Drie Weken Huisknecht is a Dutch film directed by Walter Smith. It was filmed in 1942 and released in 1944. It is based on the play Adel in Livrei (lit. 'Nobility in Livery') by Henk Bakker. It was the only large Dutch feature film produced during the Second World War.

==Cast==
The cast consisted of:

== Production ==
The film is based on the play Adel in Livrei (lit. 'Nobility in Livery') by Henk Bakker, which premiered before the Second World War.

In early 1942, the film companies Filmfabriek Polygoon and Profilti together acquired the rights to the play. The working title for the film was Kasteel te koop. The production of the film was primarily intended to keep the actors and technicians occupied.

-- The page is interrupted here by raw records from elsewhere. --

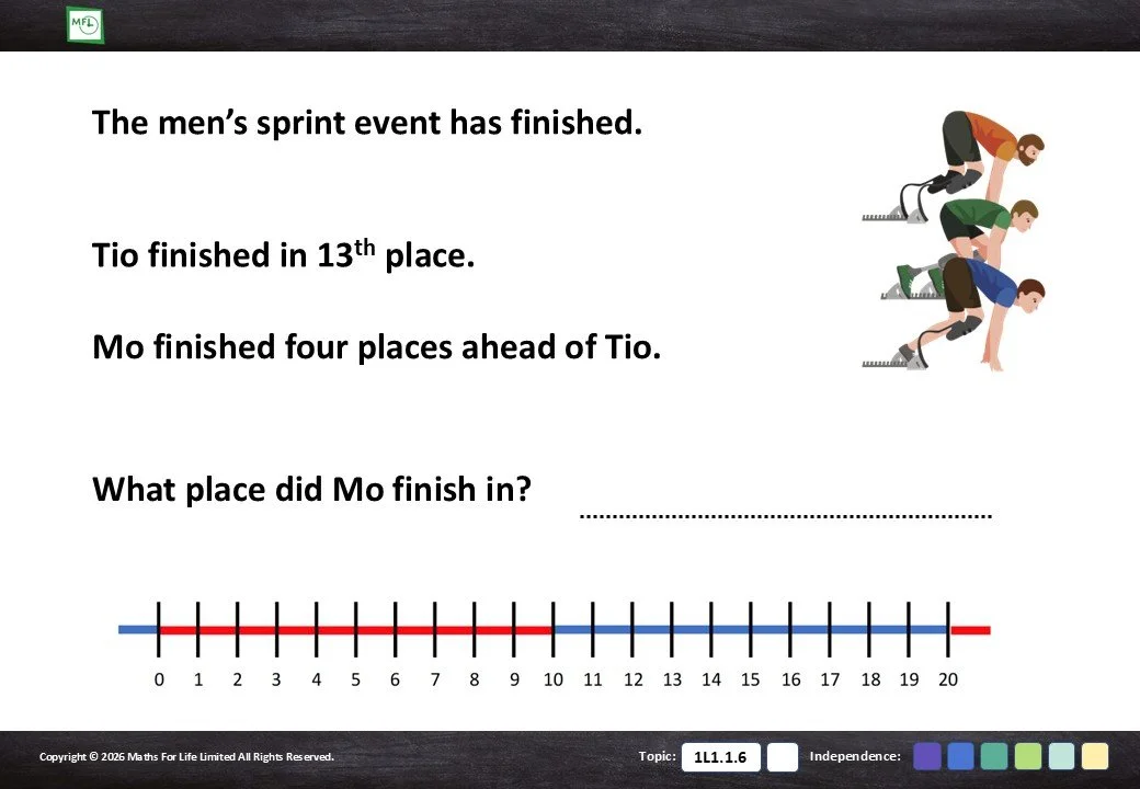 Work out the place an athlete finished in by adding or subtracting from ordinal numbers.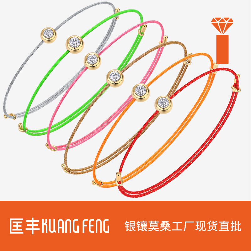 ファッション少女夜光七彩ブレスレットは色落ちしない925純銀莫桑石手縄単珠莫桑ドリルブレスレット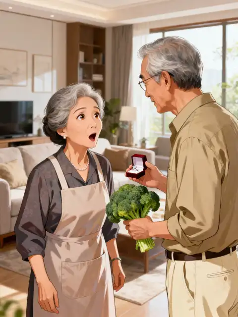 Nhìn Chu Phong quỳ gối trước mặt, cầm chiếc nhẫn moissanite 19,9 đồng m/ua trên Pinduoduo 9 đồng cùng bó bông cải xanh, tôi vội lùi lại một bước.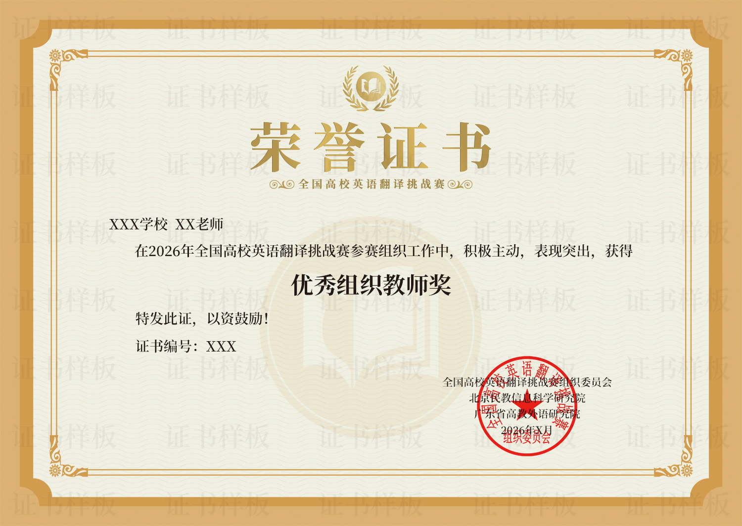 第一期报名截止时间:2026年5月15日||主办单位:全国高校英语翻译挑战赛组织委员会、北京民教信息科学研究院、广东省高教外语研究院

During the occupation of the Netherlands, Dutch film companies were only allowed to produce small films that would be shown as a pre-film before a long German film. The Germans wanted to prevent manifestations of national character in longer Dutch movies. In May 1942, the companies inquired whether the leader of the film guild Kultuurkamer and leader of the Rijksfilmkeuring (State Film Censorship), Jan Teunissen, would approve the movie. Teunissen then sought approval from the Germans. The Germans at first advised negatively, considering it 'ausgesprochener Kitsch' and 'Ablehnen: zu schwach', but apparently later gave permission. Unlike its predecessors, the movie was made without any Jewish-Dutch participation (in contemporary press "foreign").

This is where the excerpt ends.